The good news is that we can take these techniques and apply them to our daily fitness routines. Life Kit talks to Patel and Elizabeth Lyonsassociate professor at the University of Texas Medical Branch who studies how gamification can motivate exercise in older women, on how to make exercise as fun as a video game.
1. Have a goal
Photo illustration by Becky Harlan/NPR
When you play a game, there is always a goal. It helps us focus on the task at hand and motivates us to keep playing until we win the game. Exercise should be no different, says Patel. Create a clear fitness goal. Try walking 10,000 steps a day, for example, or try running a total of 6 miles each week.
But to see your progress and know if you’ve reached your goal, it’s helpful to track your physical activity, says Patel. This includes steps, heart rate, and distance traveled, among other data. And there are many digital tools that can help with this: wearable technology like the Fitbit or the apple watchor smartphone apps that may come free with your device (such as Health app on iPhone) or downloadable for free as GoogleFit Where Strava.
You can also ditch the high-tech methods and go old-school, says Patel. If your goal is to do something physically active for at least 150 minutes a week, for example, you could simply write down how much time you spent exercising in a notebook.

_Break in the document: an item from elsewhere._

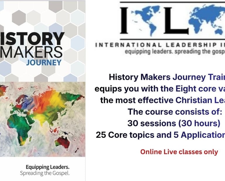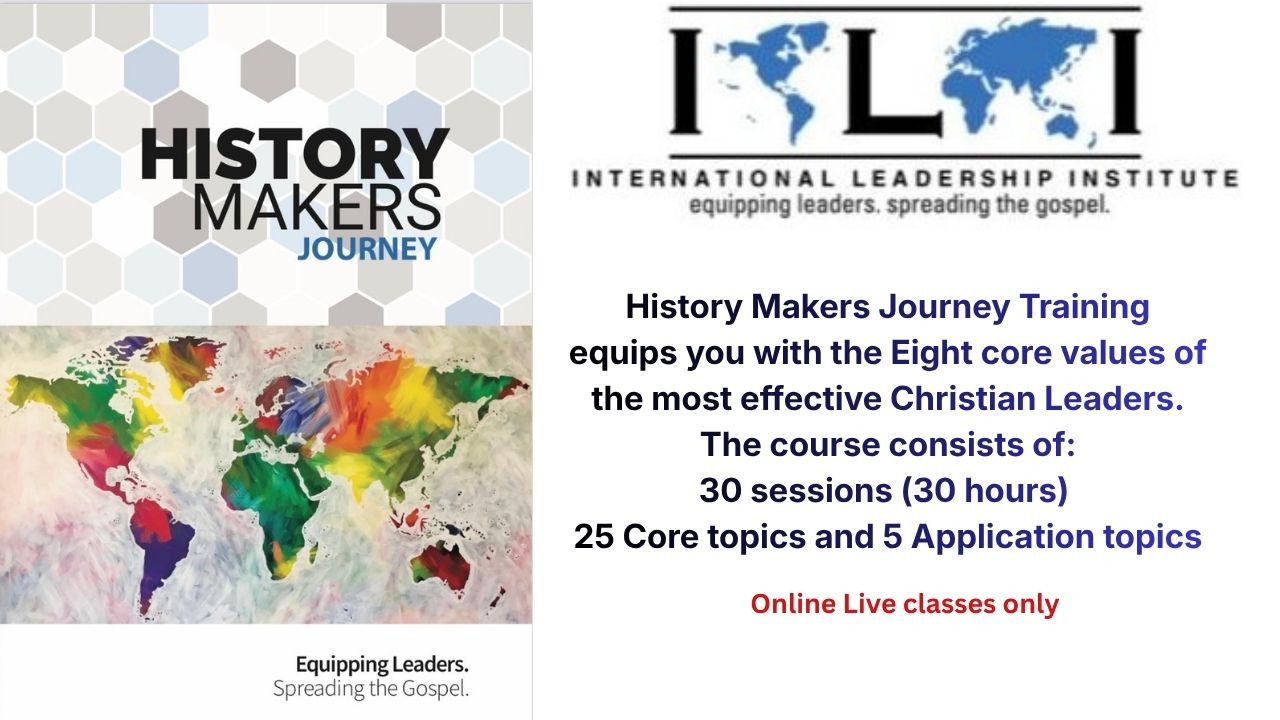History Makers Journey online training is provided by International Leadership Institute, USA. This is an essential course for Christian Leaders who are just starting off and seeking direction to start. The course duration is for 30 hours, the details of which will be provided to you on registration.

2. Compete against others…
Photo illustration by Becky Harlan/NPR
Research suggests that adding a competitive element to your exercise routine can actually help you train…harder. In a study published in JAMA internal medicine In 2019, Patel and a team of researchers challenged 602 overweight and obese employees at a single company to participate in a step-tracking challenge. The group asked compete against other employees ended up walking more steps than any other group in the study.
If you’re looking for a similar motivation, look for fitness programs that encourage friendly competition. The app Zwiftfor example, lets you race against others in a virtual world using your own bike and treadmill (with purchase of sensors and other equipment to track data). And many companies offer wellness challenges to their employees through their health insurance providers. Cignafor example, offers a fitness app that allows employees to compete against other teams.
And don’t forget the fitness video games! In addition to Pump It Up, you can also try the Ring shaped adventure, a game that combines role-playing elements with fitness. Players fight enemies by jogging in place and pushing and pulling a ring-shaped controller to battle in-game enemies. The game tracks your scores and progress against your friends on a leaderboard.
If you have a virtual reality headset, you can try Supernaturala boxing and meditation game, or beat the saber, a game that requires you to use your arms to smash your way through musical notes. Play against a friend to become competitive.
3. …Or team up with them
In this same 2019 JAMA study, the researchers found that collaboration – getting a group to work together toward a common goal – was too an effective way to increase physical activity. Another subset of participants were asked to split into teams of three. Each day, one member of the group was randomly selected to represent the whole team with their individual step count for the day. This approach encouraged each member of the group to try to reach the step goal for the day. No one wanted to let their team members down.
You can try to recreate that dynamic by working toward an exercise goal with other people, especially those with whom you have a close relationship, Patel says. They can help “hold you accountable in ways you couldn’t with a stranger,” he says. And you’ll be less likely to break training commitments if someone you love is relying on you to help them reach their own fitness goals. So grab a close friend or family member and bring them to the gym with you – there’s a reason the “gym buddy” exists.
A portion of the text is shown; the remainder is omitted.